Question:

A heat engine operates between two reservoirs of temperature 500 K and 300 K. The engine absorbs 5000 J of heat from the hot reservoir and 3500 J of work is done by the system.

a) Calculate the heat rejected by the engine to the cold reservoir.

b) Determine the efficiency of the engine.

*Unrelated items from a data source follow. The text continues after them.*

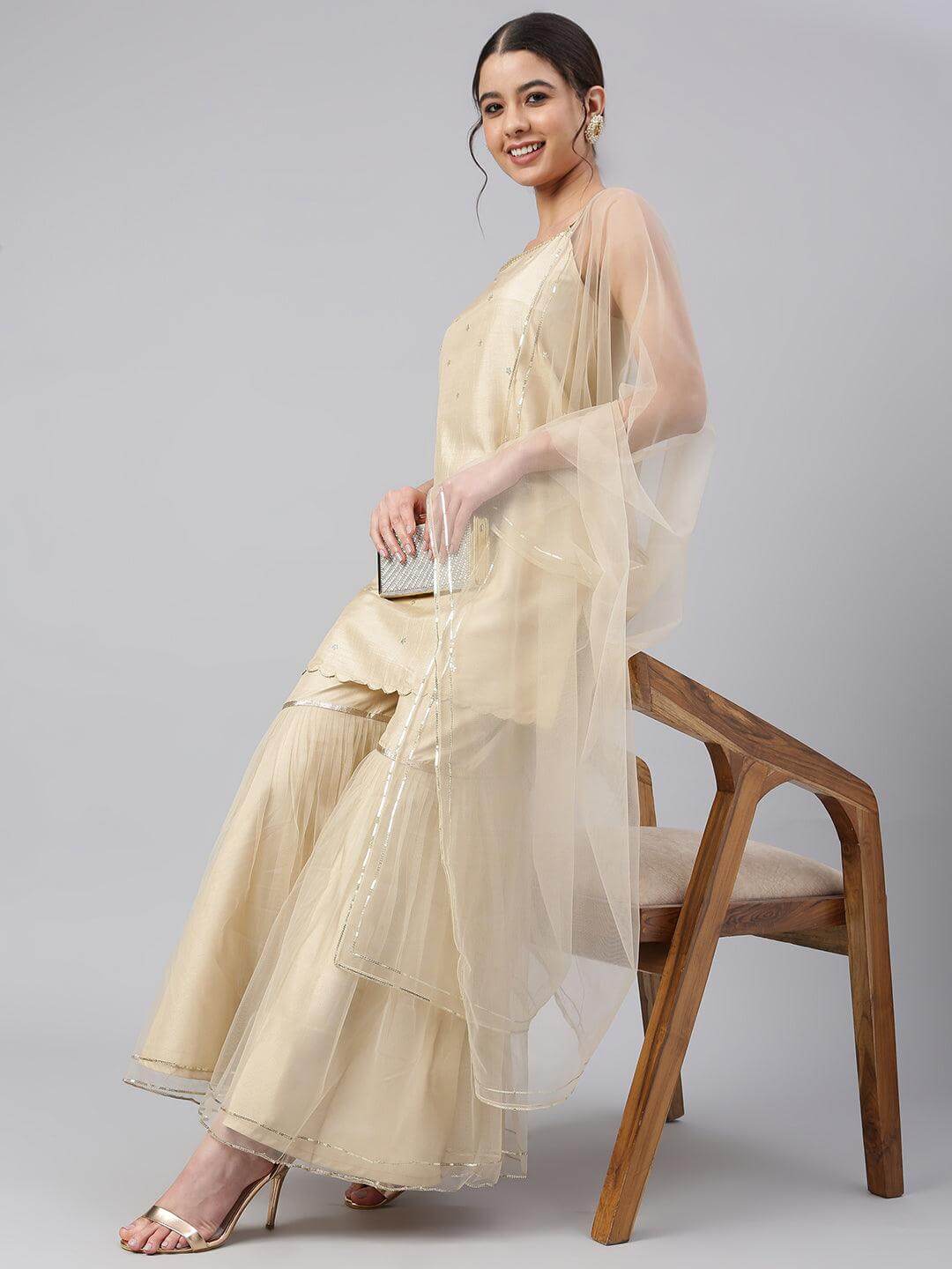 Beige Poly Silk Embellished Kurta with Gharara and Dupatta
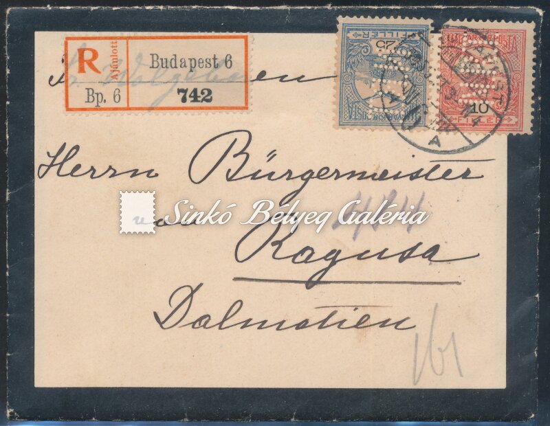1905.10.03. Ajánlott perfin levél külföldre, BUDAPEST-RAGUZA
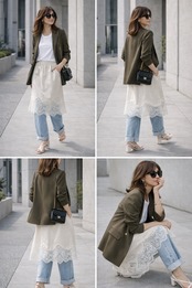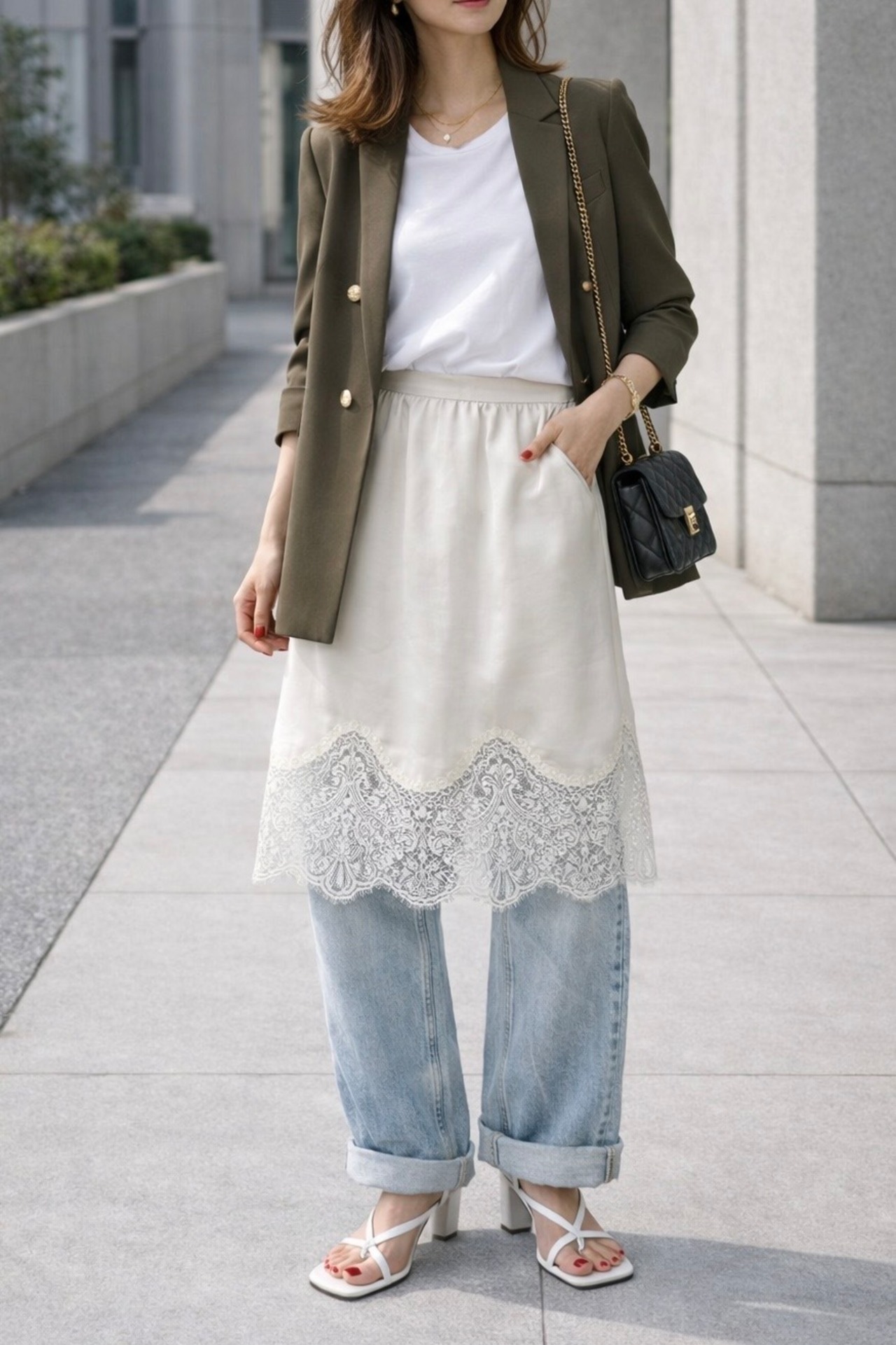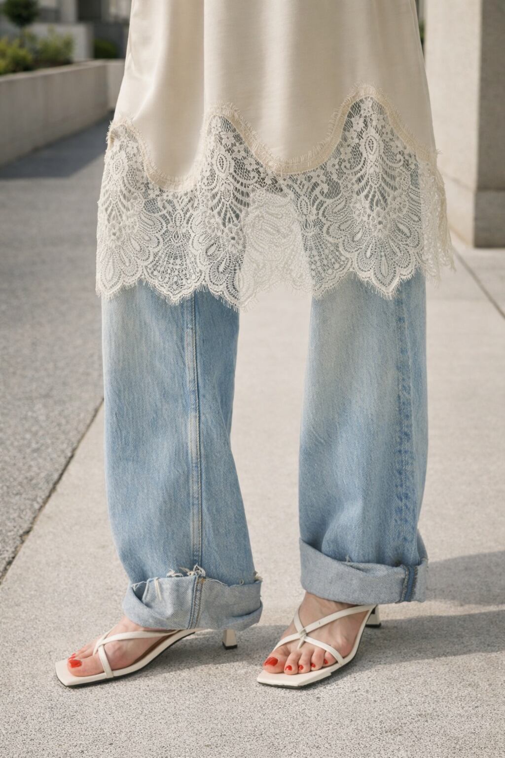 レースが演出する大人可愛いリラックスカジュアルスタイルにピッタリ
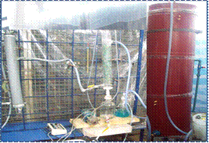La operación empezó, haciendo circular una corriente de aire, para verificar las fugas. El aire que se inyectó al sistema circuló previamente por una trampa de retención de líquidos (agua contaminada o lubricante) y un filtro (de carbón activado) para asegurar que no pasen partículas que contaminen el sistema. Luego se agregó a cada cilindro, el inóculo de lodo activado en una solución 3:1. Una vez que todo el sistema estaba en buenas condiciones, se generó el sulfuro de hidrógeno. Este gas se transportó por una corriente (flujo definido previamente) de aire hacia las etapas del biofiltro, en donde se trató de acuerdo a los parámetros operacionales fijados. El circuito se terminó conectando la salida del biofiltro con una trampa con sulfato de cobre, para detectar el sulfuro de hidrógeno (Fig. 7).
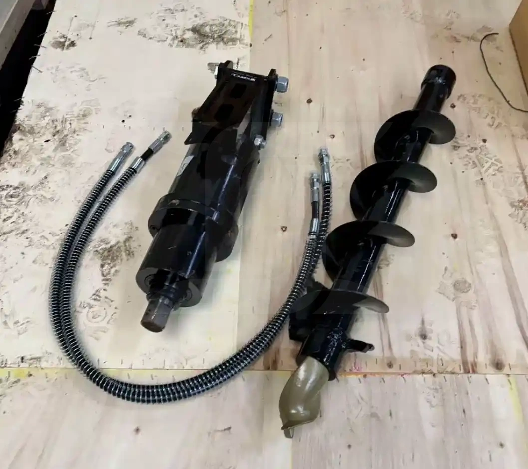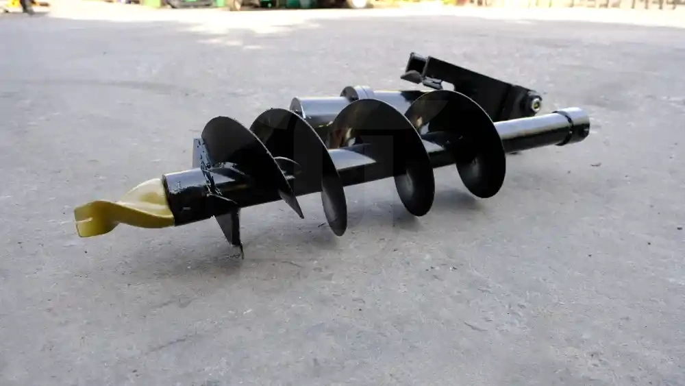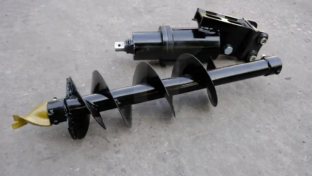 Шнековый бур – это дополнительное навесное устройство для бурения отверстий в грунте. Оснащён вращающимся винтом (шнеком) с режущими кромками, который при вращении режет грунт и одновременно выталкивает его на поверхность, что позволяет быстро бурить землю.
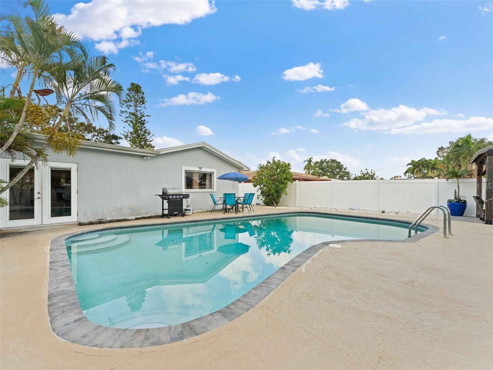 This beautifully maintained 4-bedroom, 3-bath, 2-car garage pool home offers over 2,400 sq. ft. of comfortable living in a highly sought-after Seminole school district. The split floor plan features two generous primary suites, each providing privacy and luxury—one overlooking the pool and the other with direct backyard access, dual walk-in closets, and a spa-inspired bath. The additional bedrooms share a thoughtfully updated bath, while the kitchen showcases granite countertops and modern appliances, seamlessly connecting to the formal dining room and great room with a granite bar—perfect for entertaining. Step outside to your fully fenced backyard oasis, complete with a sparkling pool, pergola, and covered pavilion, ideal for relaxing or hosting gatherings. Recent updates include a 2025 water heater, 2023 HVAC, fresh interior paint and new flooring in select bedrooms. Located just minutes from Gulf beaches, Pinellas Trail, Walsingham Park, and shopping, this home blends style, comfort, and convenience in one of Seminole’s most desirable neighborhoods. Schedule your private showing today!
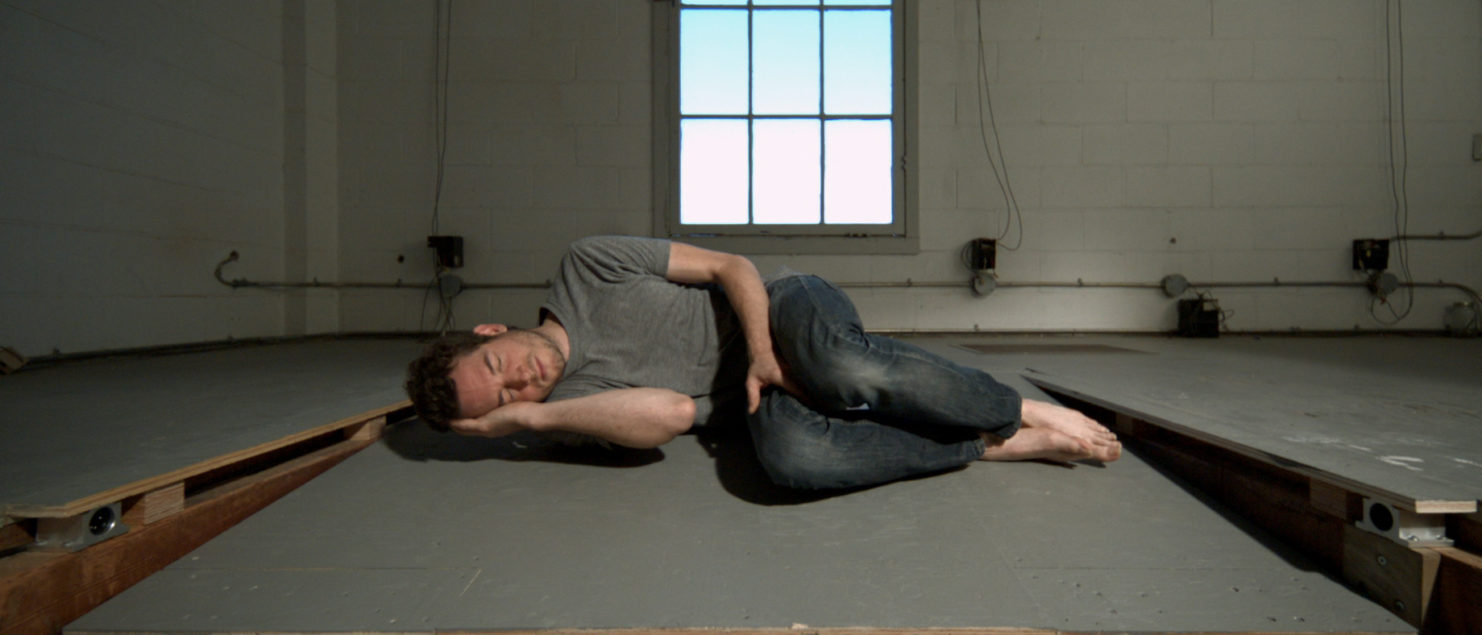 A Risky Jump started with artist Scott Billings in a fetal position as if asleep. He then fell through a trap door in ultra slow motion to a crash pad 3.9 metres below. A fall that should have taken less than a second was stretched to about five minutes. I loved watching Billings’s body becoming intensely expressive as he reacted to the shock of gravity.

c) Calculate the change in entropy of the engine.

Answer:

a) To find the heat rejected by the engine to the cold reservoir, we can use the first law of thermodynamics, which states that the energy input is equal to the energy output plus the energy transferred as heat:

Energy input = Energy output + Heat transferred

Given that the engine absorbs 5000 J of heat from the hot reservoir (energy input) and 3500 J of work is done by the system (energy output), we can rearrange the equation to solve for the heat transferred:

Heat transferred = Energy input - Energy output

Heat transferred = 5000 J - 3500 J

Heat transferred = 1500 J

Therefore, the heat rejected by the engine to the cold reservoir is 1500 J.

b) The efficiency of a heat engine is defined as the ratio of the work done by the engine to the energy input:

Efficiency = Work done / Energy input

Given that 3500 J of work is done by the system and the energy input is 5000 J, we can substitute these values into the equation to calculate the efficiency:

Efficiency = 3500 J / 5000 J

Efficiency = 0.7 or 70%

Therefore, the efficiency of the engine is 70%.

c) The change in entropy of the engine can be calculated using the equation:

$\Delta S = \frac{{Q}}{{T}}$

where ΔS is the change in entropy, Q is the heat transferred, and T is the temperature in Kelvin.

Given that Q is 1500 J (heat transferred) and the temperature of the cold reservoir is 300 K, we can substitute these values into the equation to calculate the change in entropy:

$\Delta S = \frac{{1500 J}}{{300 K}}$

$\Delta S = 5 J/K$

Therefore, the change in entropy of the engine is 5 J/K.